Exercise:
Here the job is to transcribe the data exactly while omitting the images.

Dataset records:
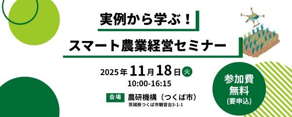 IPCSAが主催するスマート農業の研修会「実例から学ぶ! スマート農業経営セミナー」の開催が決定しました。
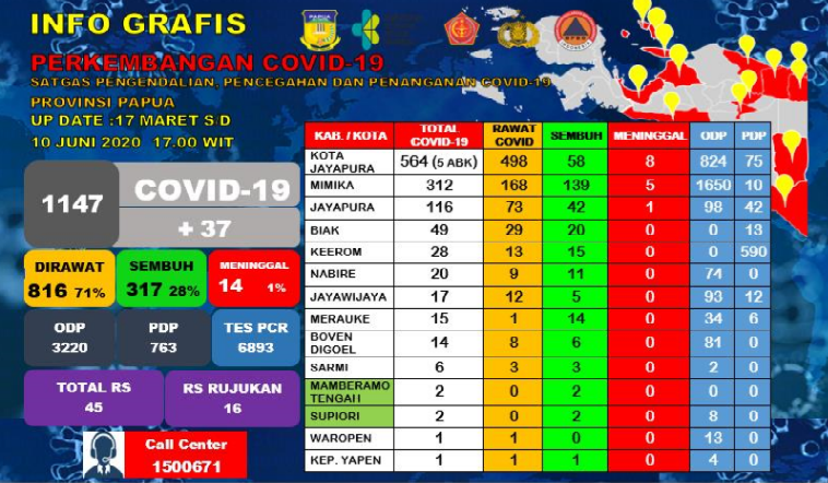 Jayapura, Topikpapua.com, – Jumlah pasien positif covid-19 di Papua terus meningkat, hari ini di laporkan satgas covid-19 Papua ada penambahan 37 kasus pasien positif baru. Total Komulatif pasien positif c-19 di Papua hingga Rabu, 10 Juni 2020 sebanyak 1.147 kasus.
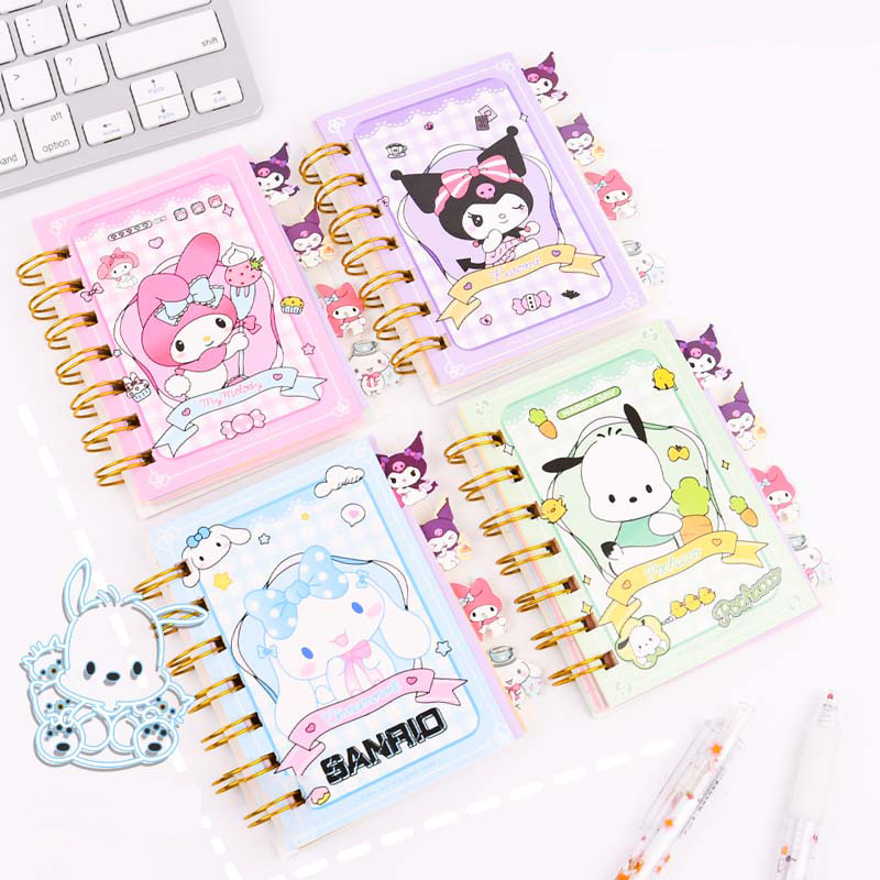 Notebook ring ukuran A7 motif characters dengan berbagai warna yang menarik, soft dan cantik.
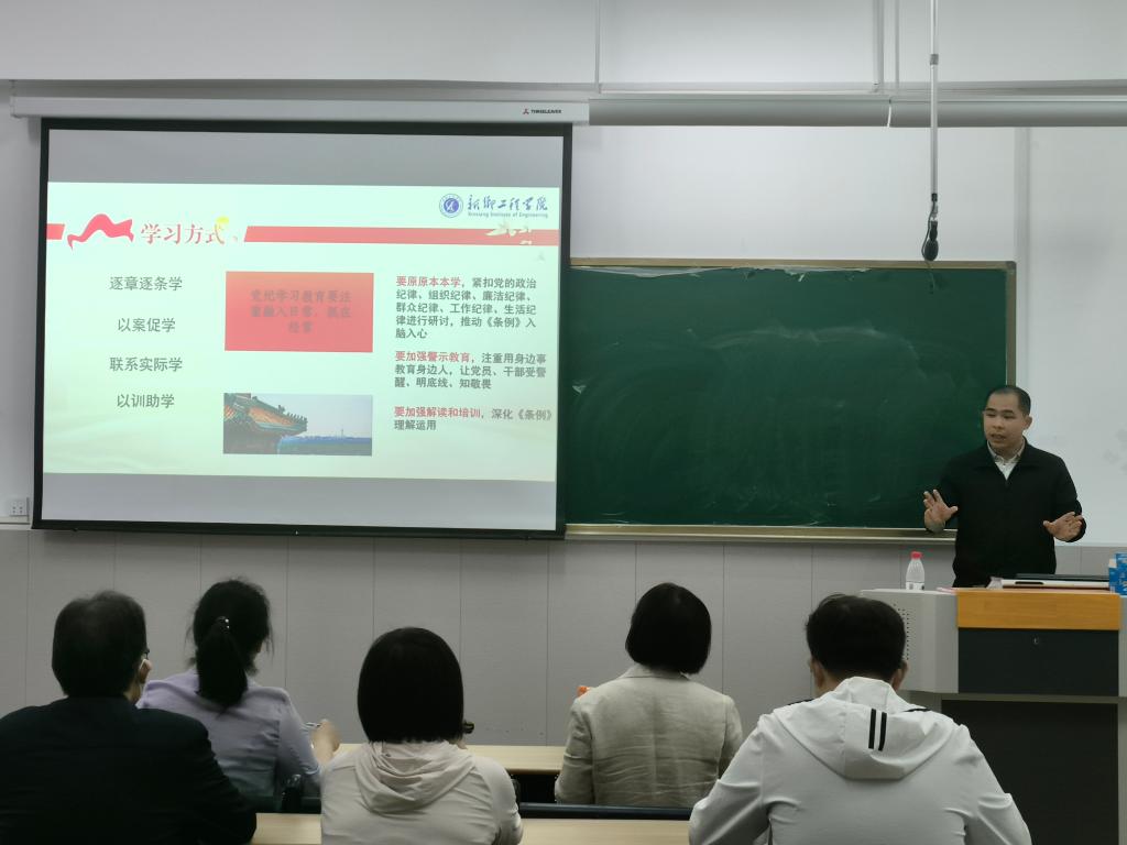 为深入学习习近平总书记关于党纪学习教育的重要讲话和重要指示精神、认真学习研读新修订的《中国共产党纪律处分条例》,按照学校《关于在全校党员中开展党纪学习教育的工作方案》的通知要求,生物工程学院于5月7日下午召开党纪学习教育理论学习中心组专题学习会议,学院副书记晋跃栋主持会议,全体中心组成员参加学习。
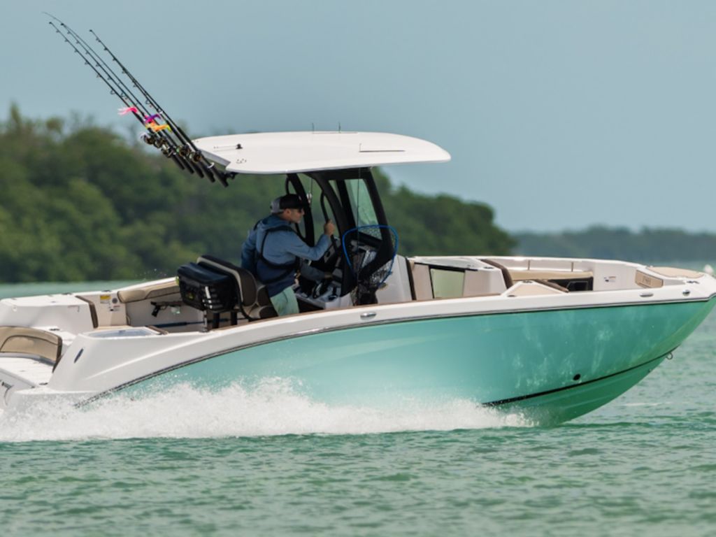 - Fishing-Friendly Design: Hardtop T-Top with rod holders, livewell, insulated fish boxes, and 12.3” Connext touchscreen display for ultimate functionality.
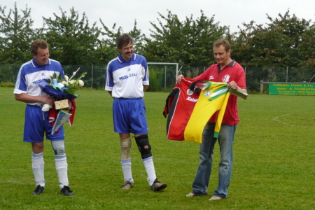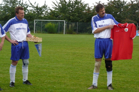 | Im Jahre 1987 sind die Fußballer des TSV Geschwand erstmals in die damalige B-Klasse aufgestiegen. Dieser Erfolg wurde nach jetzt 20 Jahren gebührend gefeiert: Mit einem Einlagespiel der damaligen Aufstiegself gegen die Ü 40 des SC Kühlenfels, die sich glücklich mit 6:5 durchsetzte. Dass es früher einmal schneller ging, merkte Reinhold Eckert, der einzige heute noch aktive Fußballer der Aufstiegself, schon nach fünf Minuten. "Na kummt halt", forderte er seine Mitspieler auf, als sie bei einer Kontermöglichkeit nicht schnell genug nachrückten. Auch heute noch ist Eckert mit 43 Jahren eine der Stützen der ersten Mannschaft des TSV Geschwand. "Mit seiner Erfahrung und seiner Übersicht als Libero ist er immer noch wertvoll für uns", sagte Bülent Yildirici am Spielfeldrand. Der Spieler der aktuellen ERSTEN war einer von über 100 Zuschauern, die trotz des schlechten Wetters den Auftritt der Altstars nicht versäumen wollten. Und sie alle kamen auf ihre Kosten. Feine Doppelpässe, gelungene Spielzüge und viele Tore wurden geboten, wobei sich vor allem zwei Akteure in der ersten Halbzeit besonders hervortaten: Natürlich Reini Eckert, der zunächst mit einem Fernschuss beide Pfosten gleichzeitig testete, ehe er mit einem satten 25-Meter-Schuss seinen Treffer markierte. Aber auch Reini Igl, in den 90ern sechs Jahre Trainer beim TSV Geschwand, spielte sich mit zwei Treffern in Halbzeit eins in den Vordergrund: Allerdings traf der gebürtige Kühlenfelser zunächst für die gegnerischen Farben. Ob ihn der TSV-Vorsitzende und Stadionsprecher Karl-Heinz Melch deswegen DOPPELHERZ nannte? "Jetzt wird’s Zeit, dass Du endlich unser Trikot anziehst" forderte er Igl nach dessen zweitem Treffer auf. Als Igl dies in der Halbzeit auch tat und auch für den TSV Geschwand einlochte, war auch Josef Eckert, sein Gegenspieler aus dem ersten Abschnitt, wieder versöhnt. Josef Eckert hatte sozusagen den weitesten Anfahrtsweg der 87er-Aufstiegself. Seit über 15 Jahren war ich nicht mehr in Geschwand, berichtete der Lehrer, der die letzten Jahre an einer deutschen Schule in Ägypten unterrichtet hat. Dort hatte ich kaum Gelegenheit zum Sport, sagte er, sichtlich außer Atem, nach den Spiel. Doch dafür, dass große Teile der Aufstiegsmannschaft nicht mehr aktiv gegen den Ball treten, schlugen sie sich recht wacker. Mit einer furiosen Aufholjagd verkürzten sie durch Treffer von Horst Zimmerer und Stephan Hauptmann, Geschwands Rekordspieler (883 Einsätze), noch auf 5:6. Überlegt schob Zimmerer, der für Geschwand in 82 Spielen 98 Tore erzielte, wie in alten Zeiten aus acht Metern den Ball ins Eck. Doch dass es zum Ausgleich nicht mehr reichte, war in Geschwand eher Nebensache, da nach dem Spiel das gemütliche Beisammensein im Vordergrund stand. Außerdem hätte man ja sogar mit 7:4 gewonnen, wenn man die zwei Tore von Igl der richtigen Seite zuschreibt. Aufgebot TSV Geschwand 1987/ 2007: Stephan Hauptmann, Martin Gmelch, Edmund Wiegärtner, Josef Eckert, Armin Dümler, Roland Bischoff, Alvin Dresel, Horst Zimmerer, Reinhold Eckert, Siegmund Zimmerer, Lorenz Wiegärtner, Siggi Neuner, Paul Hauptmann, Georg Mayer, Johannes Mayer, Reini Igl. |

Finished exercise:
 IPCSAが主催するスマート農業の研修会「実例から学ぶ! スマート農業経営セミナー」の開催が決定しました。
 Jayapura, Topikpapua.com, – Jumlah pasien positif covid-19 di Papua terus meningkat, hari ini di laporkan satgas covid-19 Papua ada penambahan 37 kasus pasien positif baru. Total Komulatif pasien positif c-19 di Papua hingga Rabu, 10 Juni 2020 sebanyak 1.147 kasus.
 Notebook ring ukuran A7 motif characters dengan berbagai warna yang menarik, soft dan cantik.
 为深入学习习近平总书记关于党纪学习教育的重要讲话和重要指示精神、认真学习研读新修订的《中国共产党纪律处分条例》,按照学校《关于在全校党员中开展党纪学习教育的工作方案》的通知要求,生物工程学院于5月7日下午召开党纪学习教育理论学习中心组专题学习会议,学院副书记晋跃栋主持会议,全体中心组成员参加学习。
 - Fishing-Friendly Design: Hardtop T-Top with rod holders, livewell, insulated fish boxes, and 12.3” Connext touchscreen display for ultimate functionality.
 | Im Jahre 1987 sind die Fußballer des TSV Geschwand erstmals in die damalige B-Klasse aufgestiegen. Dieser Erfolg wurde nach jetzt 20 Jahren gebührend gefeiert: Mit einem Einlagespiel der damaligen Aufstiegself gegen die Ü 40 des SC Kühlenfels, die sich glücklich mit 6:5 durchsetzte. Dass es früher einmal schneller ging, merkte Reinhold Eckert, der einzige heute noch aktive Fußballer der Aufstiegself, schon nach fünf Minuten. "Na kummt halt", forderte er seine Mitspieler auf, als sie bei einer Kontermöglichkeit nicht schnell genug nachrückten. Auch heute noch ist Eckert mit 43 Jahren eine der Stützen der ersten Mannschaft des TSV Geschwand. "Mit seiner Erfahrung und seiner Übersicht als Libero ist er immer noch wertvoll für uns", sagte Bülent Yildirici am Spielfeldrand. Der Spieler der aktuellen ERSTEN war einer von über 100 Zuschauern, die trotz des schlechten Wetters den Auftritt der Altstars nicht versäumen wollten. Und sie alle kamen auf ihre Kosten. Feine Doppelpässe, gelungene Spielzüge und viele Tore wurden geboten, wobei sich vor allem zwei Akteure in der ersten Halbzeit besonders hervortaten: Natürlich Reini Eckert, der zunächst mit einem Fernschuss beide Pfosten gleichzeitig testete, ehe er mit einem satten 25-Meter-Schuss seinen Treffer markierte. Aber auch Reini Igl, in den 90ern sechs Jahre Trainer beim TSV Geschwand, spielte sich mit zwei Treffern in Halbzeit eins in den Vordergrund: Allerdings traf der gebürtige Kühlenfelser zunächst für die gegnerischen Farben. Ob ihn der TSV-Vorsitzende und Stadionsprecher Karl-Heinz Melch deswegen DOPPELHERZ nannte? "Jetzt wird’s Zeit, dass Du endlich unser Trikot anziehst" forderte er Igl nach dessen zweitem Treffer auf. Als Igl dies in der Halbzeit auch tat und auch für den TSV Geschwand einlochte, war auch Josef Eckert, sein Gegenspieler aus dem ersten Abschnitt, wieder versöhnt. Josef Eckert hatte sozusagen den weitesten Anfahrtsweg der 87er-Aufstiegself. Seit über 15 Jahren war ich nicht mehr in Geschwand, berichtete der Lehrer, der die letzten Jahre an einer deutschen Schule in Ägypten unterrichtet hat. Dort hatte ich kaum Gelegenheit zum Sport, sagte er, sichtlich außer Atem, nach den Spiel. Doch dafür, dass große Teile der Aufstiegsmannschaft nicht mehr aktiv gegen den Ball treten, schlugen sie sich recht wacker. Mit einer furiosen Aufholjagd verkürzten sie durch Treffer von Horst Zimmerer und Stephan Hauptmann, Geschwands Rekordspieler (883 Einsätze), noch auf 5:6. Überlegt schob Zimmerer, der für Geschwand in 82 Spielen 98 Tore erzielte, wie in alten Zeiten aus acht Metern den Ball ins Eck. Doch dass es zum Ausgleich nicht mehr reichte, war in Geschwand eher Nebensache, da nach dem Spiel das gemütliche Beisammensein im Vordergrund stand. Außerdem hätte man ja sogar mit 7:4 gewonnen, wenn man die zwei Tore von Igl der richtigen Seite zuschreibt. Aufgebot TSV Geschwand 1987/ 2007: Stephan Hauptmann, Martin Gmelch, Edmund Wiegärtner, Josef Eckert, Armin Dümler, Roland Bischoff, Alvin Dresel, Horst Zimmerer, Reinhold Eckert, Siegmund Zimmerer, Lorenz Wiegärtner, Siggi Neuner, Paul Hauptmann, Georg Mayer, Johannes Mayer, Reini Igl. |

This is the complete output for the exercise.